*** DATASET CONTENT Section Begins ***

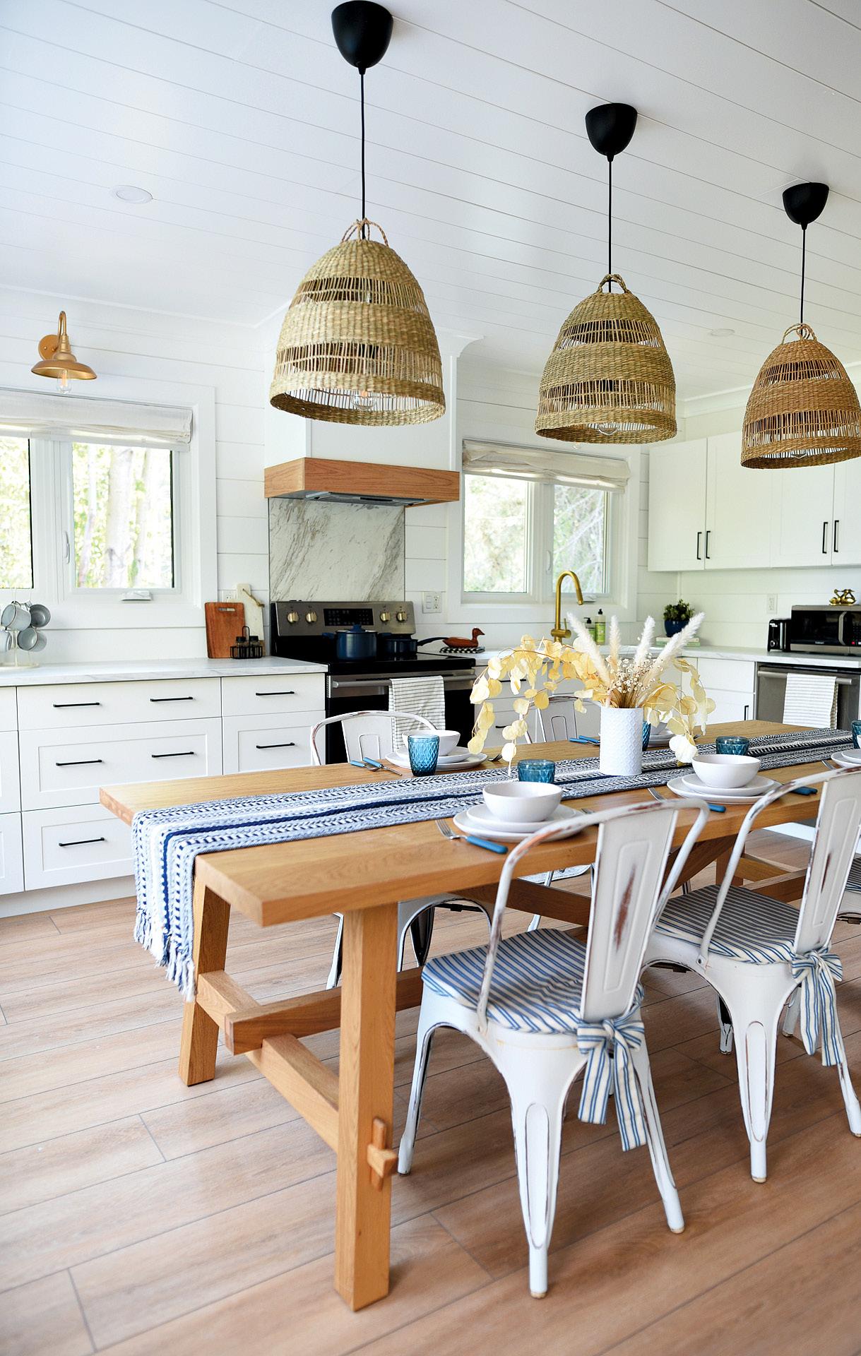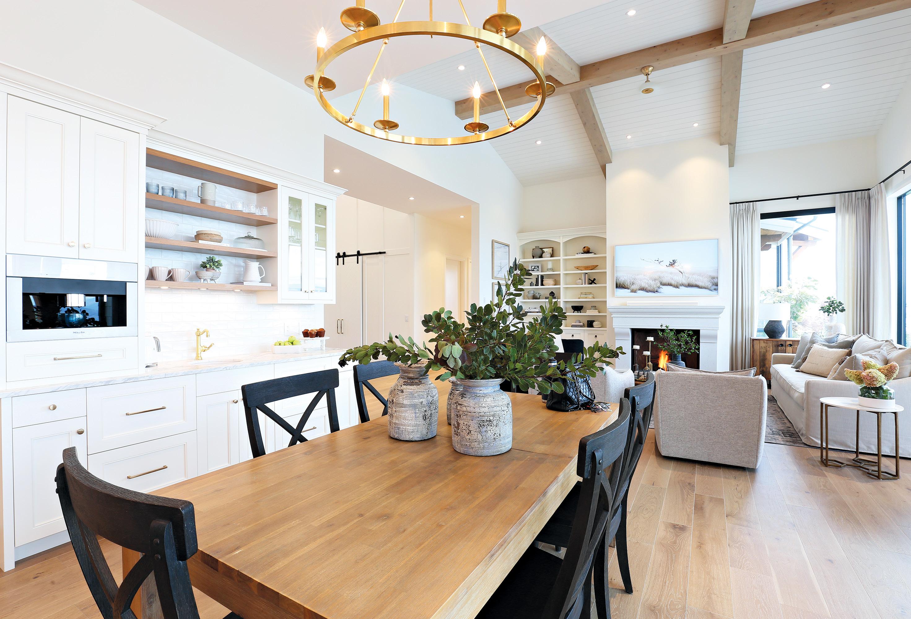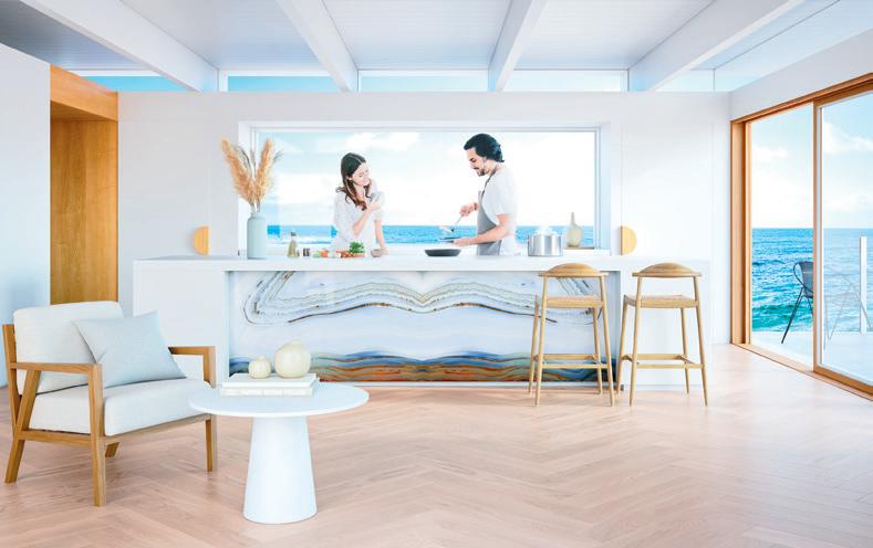 The overall palette was inspired by nature, and features wood tones with “watery” touches of blue, green and soft white. The palette flows from the kitchen into the adjoining open-concept living area. Retractable glass doors provide a
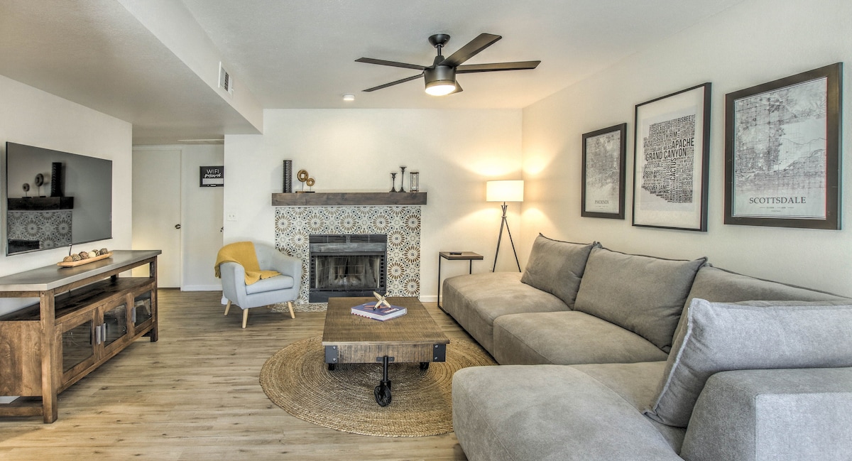 Obras de arte vintage y elegantes accesorios de madera complementan los espacios modernos que se encuentran en toda esta casa. Los azules y grises pastel acentúan la decoración dándole un ambiente rústico y sofisticado que refleja el encanto de Arizona. La cama tamaño king y las camas individuales ofrecen alojamiento individual para 4 personas en 2 habitaciones privadas. Las camas individuales se pueden convertir en una cama tamaño king, lo que es ideal para parejas. Un sofá cama extraíble tiene capacidad para 2 huéspedes adicionales. Abre la pared corrediza de vidrio para acceder a tu oasis privado en el patio con zonas de ladrillo y césped, paredes cubiertas de enredaderas, barbacoa de gas, chimenea y asientos en el patio. Kirkland Place se encuentra a menos de 1 milla del campus estatal de Arizona, cerca del centro de Tempe, AZ. En un radio de 1 a 2 millas tienes fácil acceso a senderos para caminar o montar en bicicleta, paseos en bote y eventos especiales en Tempe Town Lake. Las compras, los restaurantes y el entretenimiento en Tempe Marketplace están a unas manzanas de distancia, a aproximadamente 1 milla. El tren ligero y la ruta de transporte gratuito Orbit se encuentran a unas manzanas. Estás a unos 7-10 minutos en coche del casco antiguo de Scottsdale, que es un gran atractivo para cenar y disfrutar de la vida nocturna. Considera Kirkland Place como tu cuartel general para el entrenamiento de primavera de los Cubs, que se encuentra a menos de 2 millas. Esta unidad tiene una ubicación céntrica cerca de 3 salidas de la autopista, el bucle 101, 202 y el 60. El aeropuerto de Sky Harbor está a 7-10 minutos en coche. El campus principal de ASU, el estadio Sun Devil y las tiendas y la vida nocturna del centro de Mill Avenue están a menos de una milla. Varias otras instalaciones de entrenamiento de primavera se encuentran a unas 5 millas. El Phoenix Open, los campos de golf públicos, las tiendas, los restaurantes y las rutas de senderismo de clase mundial no están lejos. Acceso exclusivo completo y privado al apartamento de dos dormitorios y dos baños con lavadero interior privado con lavadora y secadora de tamaño completo. Hay una pequeña zona de patio trasero para el entretenimiento privado que incluye un pequeño patio, sombrilla de mercado, chimenea y parrilla de carbón. Hay una plaza de aparcamiento cubierta asignada y plazas descubiertas por orden de llegada en el estacionamiento. La piscina comunitaria está al otro lado del estacionamiento con acceso con llave las 24 horas, los 7 días de la semana. El horario de silencio del complejo comienza a las 22:00 horas. Aunque no hay administración en el lugar, la mayoría de los vecinos son residentes a tiempo completo, así que sé respetuoso. El complejo consta de casas privadas, muchas de las cuales son alquileres. Hay una mezcla de jubilados, estudiantes universitarios y jóvenes profesionales que hacen de Casitas East su hogar. Estoy disponible por teléfono, SMS o correo electrónico e intentaré responder a tus preguntas el mismo día. Vivo a unas manzanas de distancia y puedo estar allí rápidamente si surge algún problema. El alojamiento se encuentra en un barrio tranquilo situado en el centro del valle del sol. La Universidad Estatal de Arizona, Sun Devil Football y el distrito comercial de Mill Avenue se encuentran justo al final de la calle. Ubicación perfecta para el entrenamiento de primavera con el estadio de los Cubs a solo 2 millas de distancia. Tempe Town Lake se encuentra a menos de 1 milla, así como tiendas y restaurantes en Tempe Marketplace. Esta es la ubicación perfecta para maratones como Ironman y Rock n Roll. ¡A solo minutos del casco antiguo de Scottsdale y mucho más! Hay muchos Uber y Lyft. La ruta de autobús Orbit gratuita de Tempe y la parada de autobús están a poca distancia a pie del apartamento y te llevarán al distrito comercial de Mill Avenue, a los partidos de fútbol y al mercado de Tempe, entre otros lugares. La ruta y los mapas están disponibles en línea. El tren ligero es accesible a pie y está a unas manzanas del complejo, en la intersección de McClintock y Apache Blvd. Hay bicicletas y patinetes disponibles para alquilar en casi todas las manzanas. Hay un centro de alquiler de coches Enterprise justo al final de la calle, en McClintock Drive, si necesitas alquilar un coche. El termostato se apaga cuando no hay nadie alojado en el alojamiento. Para encenderlo, solo tienes que tocar la pantalla y se iluminará. A continuación, puedes encender la calefacción o la refrigeración y ajustar la temperatura a tu gusto pulsando las flechas hacia arriba o hacia abajo. Apágalo cuando te vayas o enciende el aire cuando no lo uses.
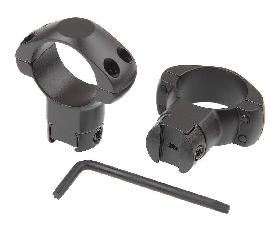 Нижняя часть колец – радиусная, плотно прилегающая к скругленной верхней части планки. Каждое кольцо фиксируется на прицеле четырьмя стальными винтами.

*** DATASET CONTENT Section Ends ***

◆ WHAT NEEDS TO BE DONE
The whole listing must be transcribed exactly. No pictures belong in the copy.

◆ YOUR RESPONSE
 The overall palette was inspired by nature, and features wood tones with “watery” touches of blue, green and soft white. The palette flows from the kitchen into the adjoining open-concept living area. Retractable glass doors provide a
 Obras de arte vintage y elegantes accesorios de madera complementan los espacios modernos que se encuentran en toda esta casa. Los azules y grises pastel acentúan la decoración dándole un ambiente rústico y sofisticado que refleja el encanto de Arizona. La cama tamaño king y las camas individuales ofrecen alojamiento individual para 4 personas en 2 habitaciones privadas. Las camas individuales se pueden convertir en una cama tamaño king, lo que es ideal para parejas. Un sofá cama extraíble tiene capacidad para 2 huéspedes adicionales. Abre la pared corrediza de vidrio para acceder a tu oasis privado en el patio con zonas de ladrillo y césped, paredes cubiertas de enredaderas, barbacoa de gas, chimenea y asientos en el patio. Kirkland Place se encuentra a menos de 1 milla del campus estatal de Arizona, cerca del centro de Tempe, AZ. En un radio de 1 a 2 millas tienes fácil acceso a senderos para caminar o montar en bicicleta, paseos en bote y eventos especiales en Tempe Town Lake. Las compras, los restaurantes y el entretenimiento en Tempe Marketplace están a unas manzanas de distancia, a aproximadamente 1 milla. El tren ligero y la ruta de transporte gratuito Orbit se encuentran a unas manzanas. Estás a unos 7-10 minutos en coche del casco antiguo de Scottsdale, que es un gran atractivo para cenar y disfrutar de la vida nocturna. Considera Kirkland Place como tu cuartel general para el entrenamiento de primavera de los Cubs, que se encuentra a menos de 2 millas. Esta unidad tiene una ubicación céntrica cerca de 3 salidas de la autopista, el bucle 101, 202 y el 60. El aeropuerto de Sky Harbor está a 7-10 minutos en coche. El campus principal de ASU, el estadio Sun Devil y las tiendas y la vida nocturna del centro de Mill Avenue están a menos de una milla. Varias otras instalaciones de entrenamiento de primavera se encuentran a unas 5 millas. El Phoenix Open, los campos de golf públicos, las tiendas, los restaurantes y las rutas de senderismo de clase mundial no están lejos. Acceso exclusivo completo y privado al apartamento de dos dormitorios y dos baños con lavadero interior privado con lavadora y secadora de tamaño completo. Hay una pequeña zona de patio trasero para el entretenimiento privado que incluye un pequeño patio, sombrilla de mercado, chimenea y parrilla de carbón. Hay una plaza de aparcamiento cubierta asignada y plazas descubiertas por orden de llegada en el estacionamiento. La piscina comunitaria está al otro lado del estacionamiento con acceso con llave las 24 horas, los 7 días de la semana. El horario de silencio del complejo comienza a las 22:00 horas. Aunque no hay administración en el lugar, la mayoría de los vecinos son residentes a tiempo completo, así que sé respetuoso. El complejo consta de casas privadas, muchas de las cuales son alquileres. Hay una mezcla de jubilados, estudiantes universitarios y jóvenes profesionales que hacen de Casitas East su hogar. Estoy disponible por teléfono, SMS o correo electrónico e intentaré responder a tus preguntas el mismo día. Vivo a unas manzanas de distancia y puedo estar allí rápidamente si surge algún problema. El alojamiento se encuentra en un barrio tranquilo situado en el centro del valle del sol. La Universidad Estatal de Arizona, Sun Devil Football y el distrito comercial de Mill Avenue se encuentran justo al final de la calle. Ubicación perfecta para el entrenamiento de primavera con el estadio de los Cubs a solo 2 millas de distancia. Tempe Town Lake se encuentra a menos de 1 milla, así como tiendas y restaurantes en Tempe Marketplace. Esta es la ubicación perfecta para maratones como Ironman y Rock n Roll. ¡A solo minutos del casco antiguo de Scottsdale y mucho más! Hay muchos Uber y Lyft. La ruta de autobús Orbit gratuita de Tempe y la parada de autobús están a poca distancia a pie del apartamento y te llevarán al distrito comercial de Mill Avenue, a los partidos de fútbol y al mercado de Tempe, entre otros lugares. La ruta y los mapas están disponibles en línea. El tren ligero es accesible a pie y está a unas manzanas del complejo, en la intersección de McClintock y Apache Blvd. Hay bicicletas y patinetes disponibles para alquilar en casi todas las manzanas. Hay un centro de alquiler de coches Enterprise justo al final de la calle, en McClintock Drive, si necesitas alquilar un coche. El termostato se apaga cuando no hay nadie alojado en el alojamiento. Para encenderlo, solo tienes que tocar la pantalla y se iluminará. A continuación, puedes encender la calefacción o la refrigeración y ajustar la temperatura a tu gusto pulsando las flechas hacia arriba o hacia abajo. Apágalo cuando te vayas o enciende el aire cuando no lo uses.
 Нижняя часть колец – радиусная, плотно прилегающая к скругленной верхней части планки. Каждое кольцо фиксируется на прицеле четырьмя стальными винтами.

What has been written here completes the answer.